In 1977, he was awarded India's fourth-highest civilian honor Padma Shri for his contributions to Indian cinema. He is widely known for his roles in films such as Mayabazar (1957), Maa Inti Mahalakshmi (1959), Kula Daivam (1960), Kula Gothralu (1962), Jyothi (1976), Nelavanka (1981), Maro Malupu (1982), Ekalavya (1982), Ee Charitra Ye Siraatho? (1982), Gaaju Bommalu (1983) and Pelli Pustakam (1991). 

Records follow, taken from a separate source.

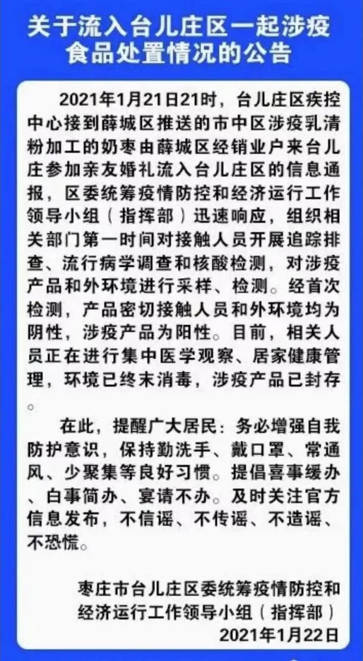 記者從山東省棗莊市臺兒莊區(qū)委統(tǒng)籌疫情防控和經(jīng)濟運行工作領(lǐng)導(dǎo)小組(指揮部)了解到,2021年1月21日21時,臺兒莊區(qū)疾控中心接到薛城區(qū)推送的市中區(qū)涉疫乳清粉加工的奶棗由薛城區(qū)經(jīng)銷業(yè)戶,來臺兒莊參加親友婚禮,流入臺兒莊區(qū)的信息通報,臺兒莊區(qū)委統(tǒng)籌疫情防控和經(jīng)濟運行工作領(lǐng)導(dǎo)小組(指揮部)迅速響應(yīng),組織相關(guān)部門第一時間對接觸人員開展追蹤排查、流行病學(xué)調(diào)查和核酸檢測,對涉疫產(chǎn)品和外環(huán)境進(jìn)行采樣、檢測。經(jīng)首次檢測,產(chǎn)品密切接觸人員和外環(huán)境均為陰性,涉疫產(chǎn)品為陽性。
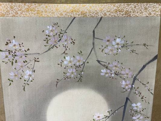 Y9590 KAKEJIKU Cherry blossoms Night Moon viewing signed Japan antique interior
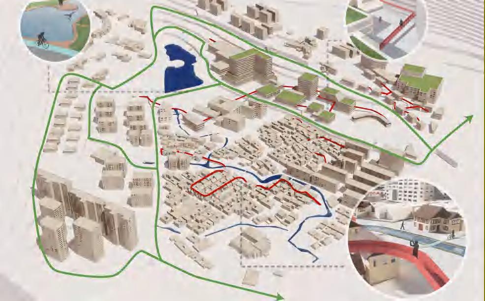 The water system, corridors, and bicycle paths communicate with the functional land in the area. Give the building a new function and enrich the business of the block.
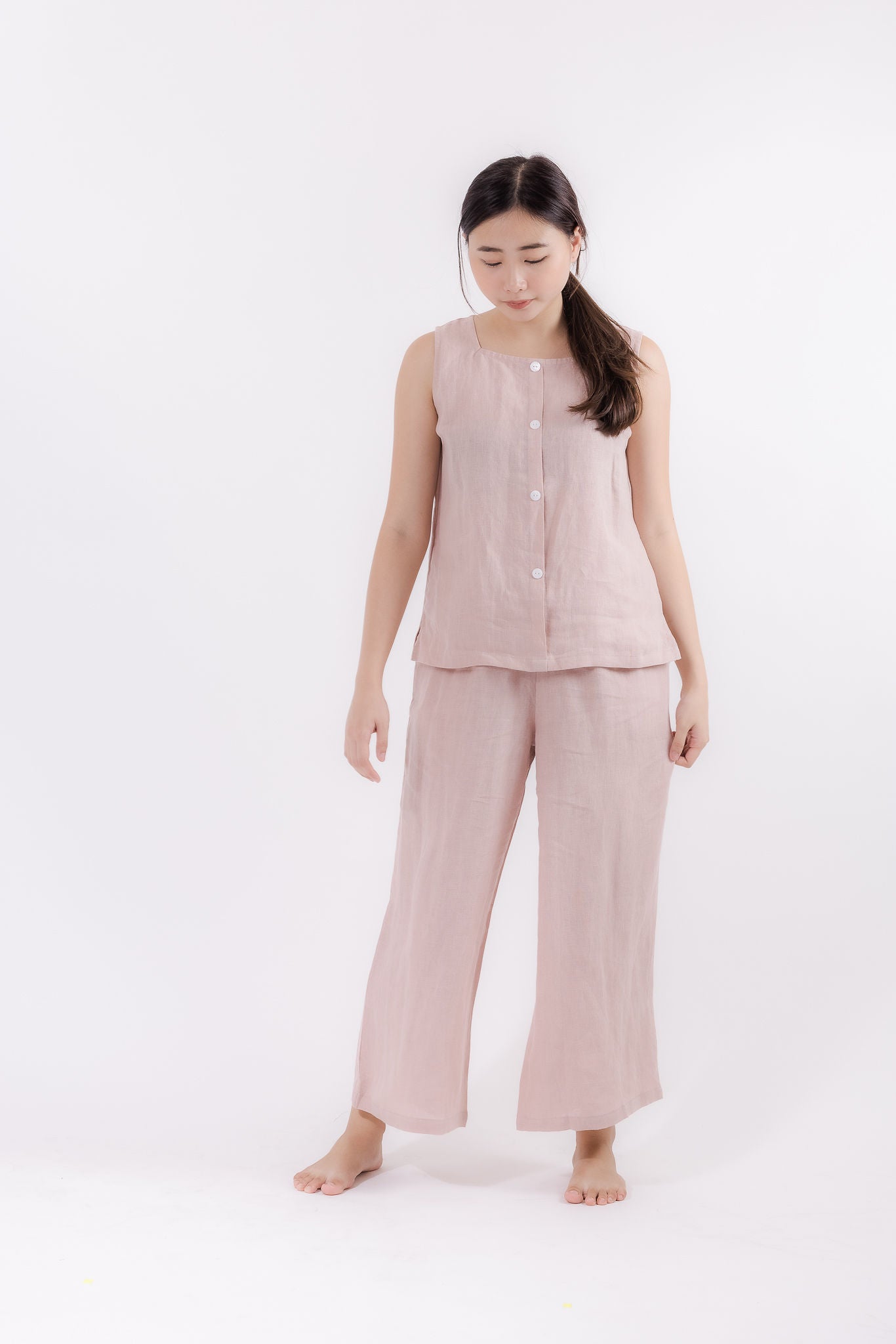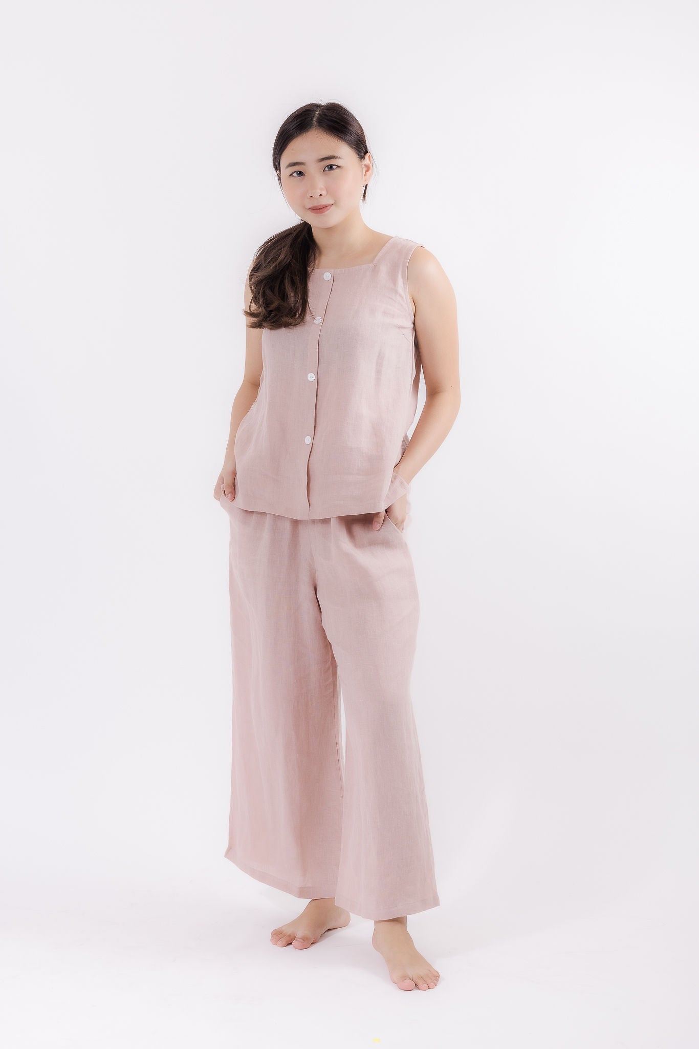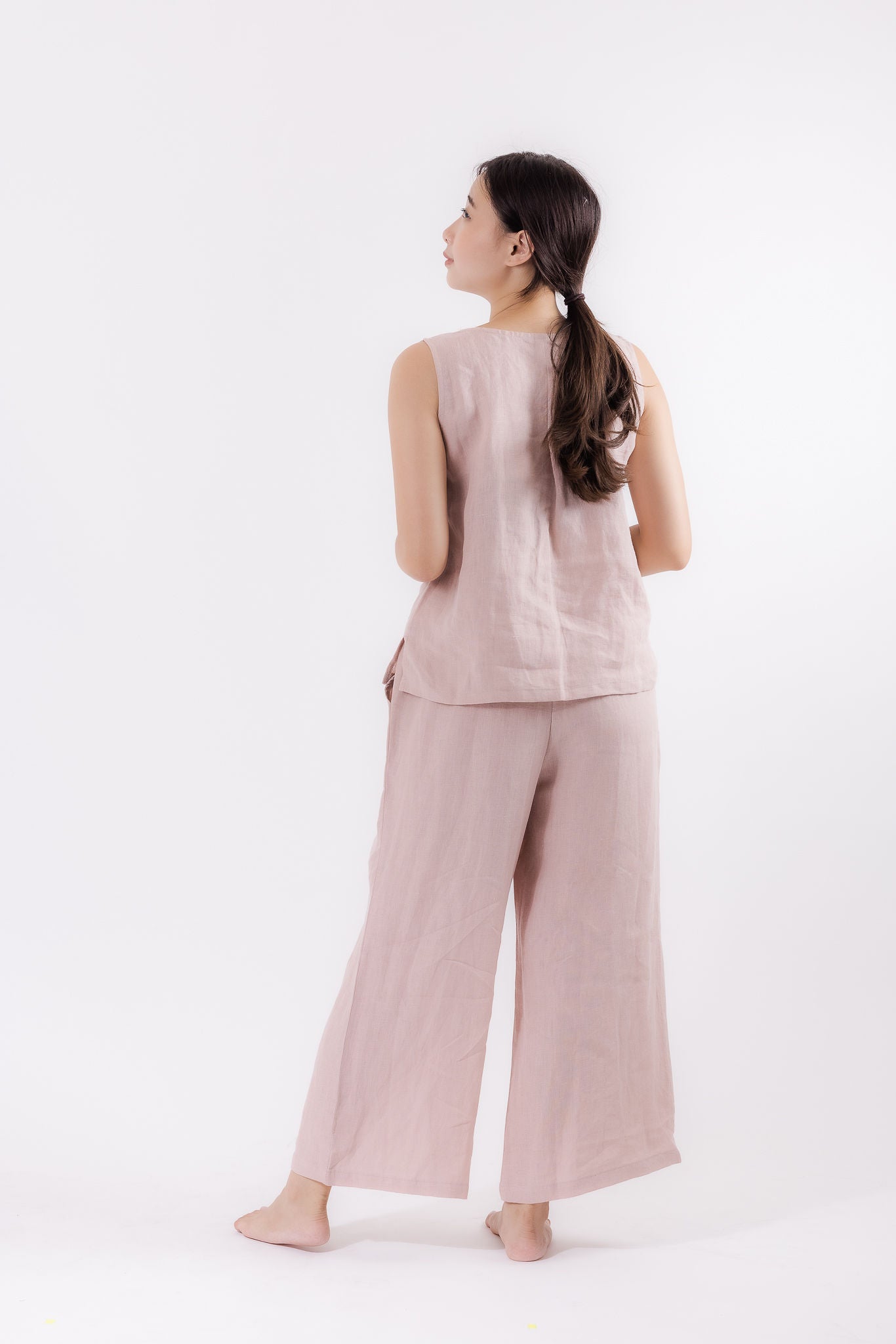 These wide leg linen pants in dusty pink are a classic wardrobe staple. Featuring a stretch waist band and two side pockets, pair yours with a simple top for an instant chic look. Our medium-weight linen loungewear is ideal for running errands to relaxing at home.
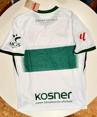 Camiseta del Elche Club de Fútbol de la talla L. Presenta un diseño moderno con detalles distintivos. - Escudo del Elche CF bordado. - Logo de Nike en el pecho. - Patrocinador principal Vega Fibra en el frontal. - Detalles en verde en cuello y mangas. - Tejido transpirable.
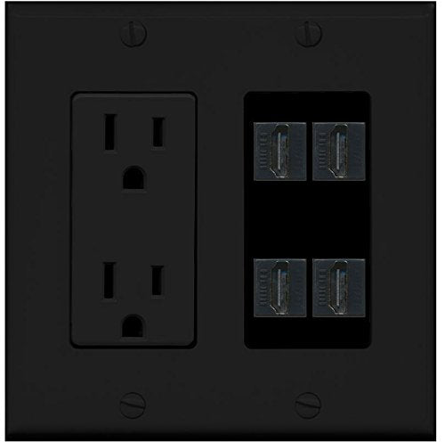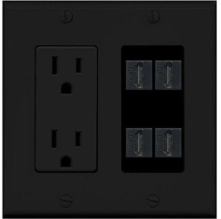 RiteAV - (2 Gang Decorative) 15A Power Outlet 4 HDMI Black Wall Plate Black
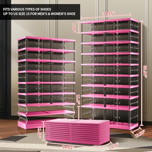 Organizer Storage: The shoe rack for closet expandable size: 34.25"L*13.58"W*66.54"H(Fold 11.02"H), including 9 Tiers(16Grids+2Large grids). Shoe rack for entryway can accommodate up to 36 pairs of shoes. Stackable shoe rack fits all types of shoes and can store men's and women's shoes up to size 15. Foldable shoe racks has a 2-Large grid heightened design, suitable for storing long boots
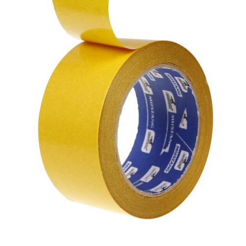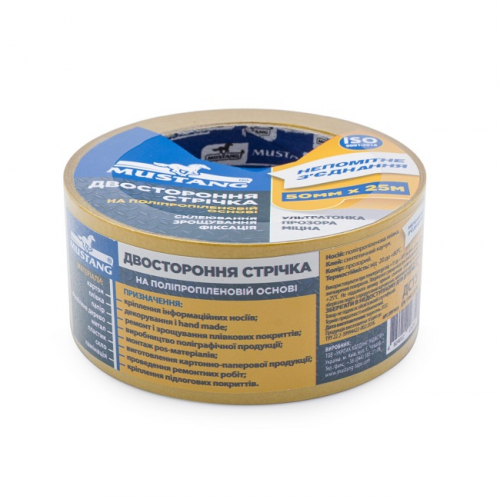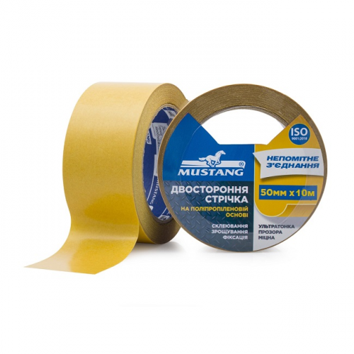 Стрічка двостороння 50мм MUSTANG DPP5010 на поліпропіленовій основі складається з міцної плівкової основи прозорого кольору на яку з обох сторін нанесений клейовий шар на основі синтетичного каучуку.
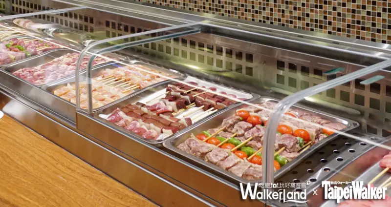 ▲「八兵衛 天神Style」吧台區的食材展示櫃,美味串燒料理新鮮看得見。(圖/WalkerLand)
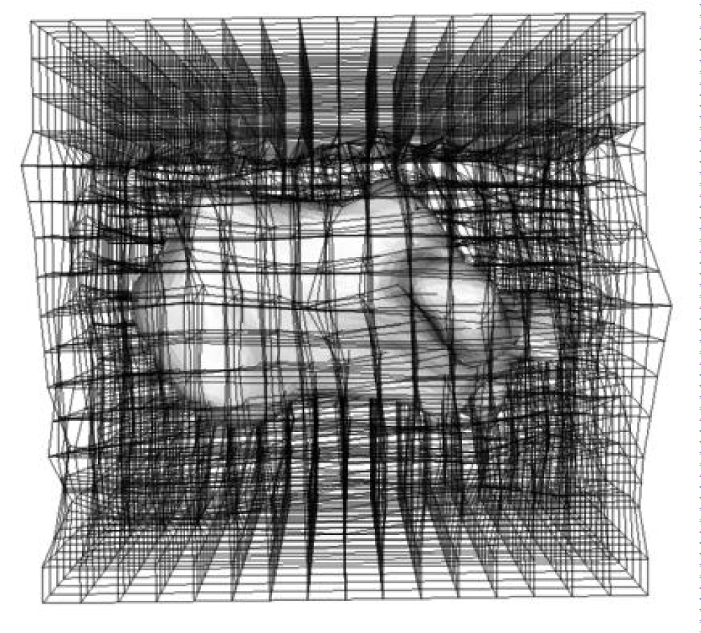 Figure 1: The state of the deformation field. The deformation field is represented by a grid-like three-dimensional space figure. The deformation field is composed of control points. Since the used image data has a volume size of 128 × 128 × 128 [voxel], the number of control points is 4913 (17 × 17 × 17), and the total degree of freedom is 14739.
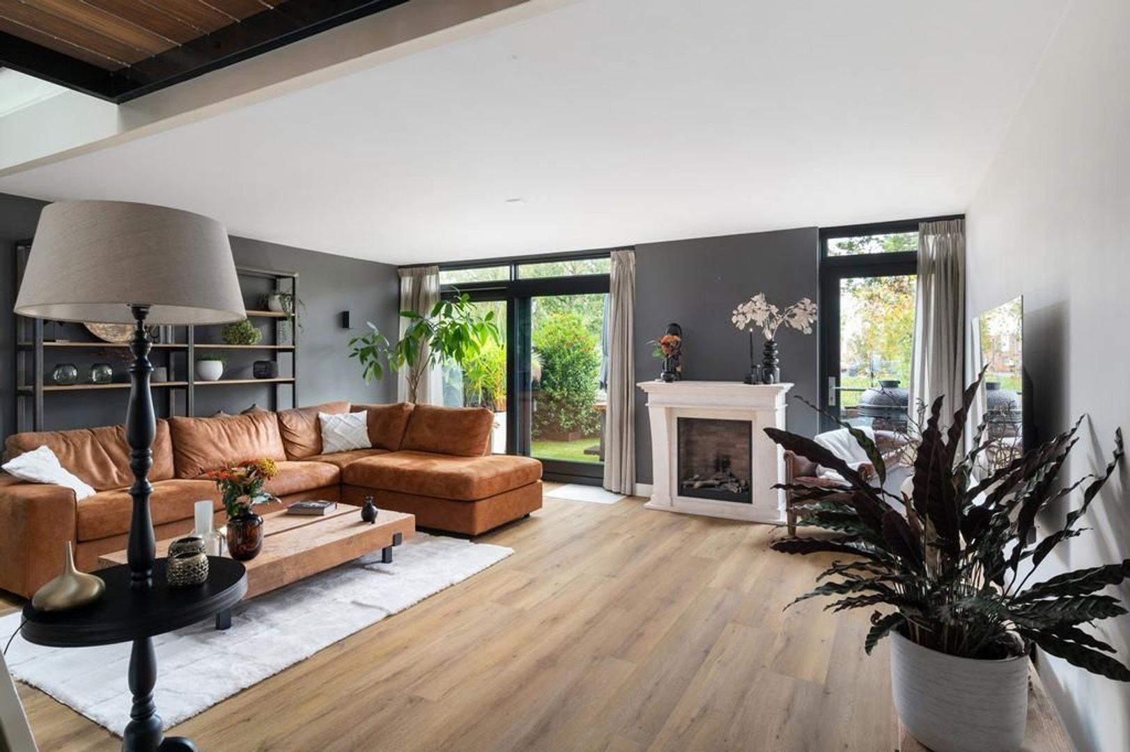 Ruime living met een schuifpui en een loopdeur naar de tuin. De entree en de living zijn voorzien van een mooie pvc vloer.
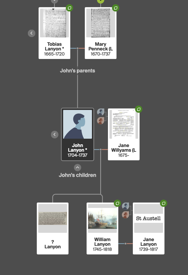 Assuming John was a similar age to Jane we are looking for a John born in the 1670s who lived at Lanyon Manor in Gwinear. This would probably be a child of Tobias Lanyon and Susannah Reynolds but they don’t have a child called John and don’t mention a son of that name in their wills. Tobias and Susannah’s son Tobias does have a son called John however he must have been born after 1703 and would be at least twenty-eight years younger than Jane Willyams!
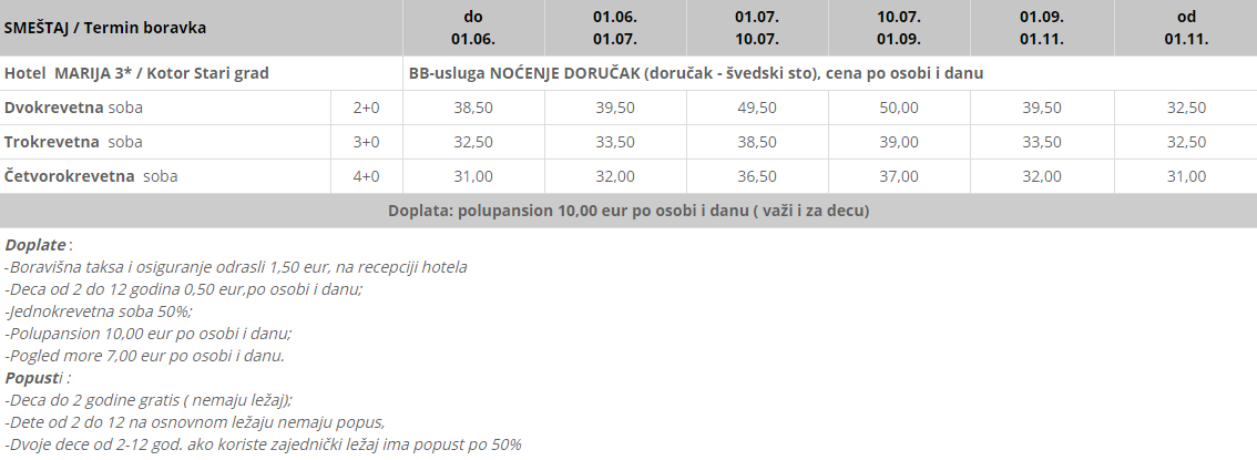 NAPOMENA: boravak na bazi minimum 7 noćenja ili više sa uslugom naznačenom u tabeli od vremena ulaska u hotel , studiu ili apartmanu do vremena njihovog napuštanja, a u zavisnosti od pravila (u najvećem broju hotela ulazak u sobe studio/apartman je posle 14:00 h, a iste se poslednjeg dana boravka napuštaju najkasnije do 10:00 časova).
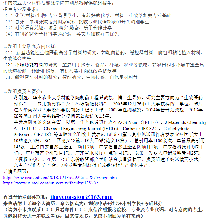 学校:中南林业科技大学招生年级:2021级招生人数:2人招生状态:正在招生中介绍:本课题组的研究方向为自由基化学、金属有机化学及有机合成方法学;目前课题组在Angew.Chem.Int.Ed.(影响因子12.3)、Org.Lett.、Chem.Commun.等...
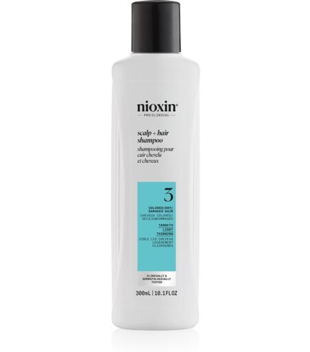 Nioxin System 3 Scalp + Hair Shampoo, 300 ml, Shampoos for Women, The Nioxin System 3 shampoo cleans the scalp effectively, washes hair thoroughly, and restores its natural beauty. Characteristics: soothes the scalp prolongs hair colour strengthens the hair fibre prevents premature hair loss combats itching and a dry scalp How to use: Apply an appropriate amount of shampoo to wet hair. Work up a lather and rinse thoroughly. For best results, follow up with other products from the same range. ...

In 2008, he starred in Jagadguru Sree Kasinayana Charitra, which would be his last film.

Early life
He was born in Ravikampadu in Kollur mandal of Guntur district, in present-day Andhra Pradesh. According to one of his interviews, he studied in ZP High School, Kollur and Hindu College, Guntur.

Early career
Gummadi's acting career extended from 1950 onwards for almost six decades and he worked with three generations of people in the film industry. Though young, he played dignified older people at the beginning. He was a versatile character actor in sociopolitical and mythological movies. He acted in nearly 500 movies. He played the role of father to many lead actors in old Telugu films.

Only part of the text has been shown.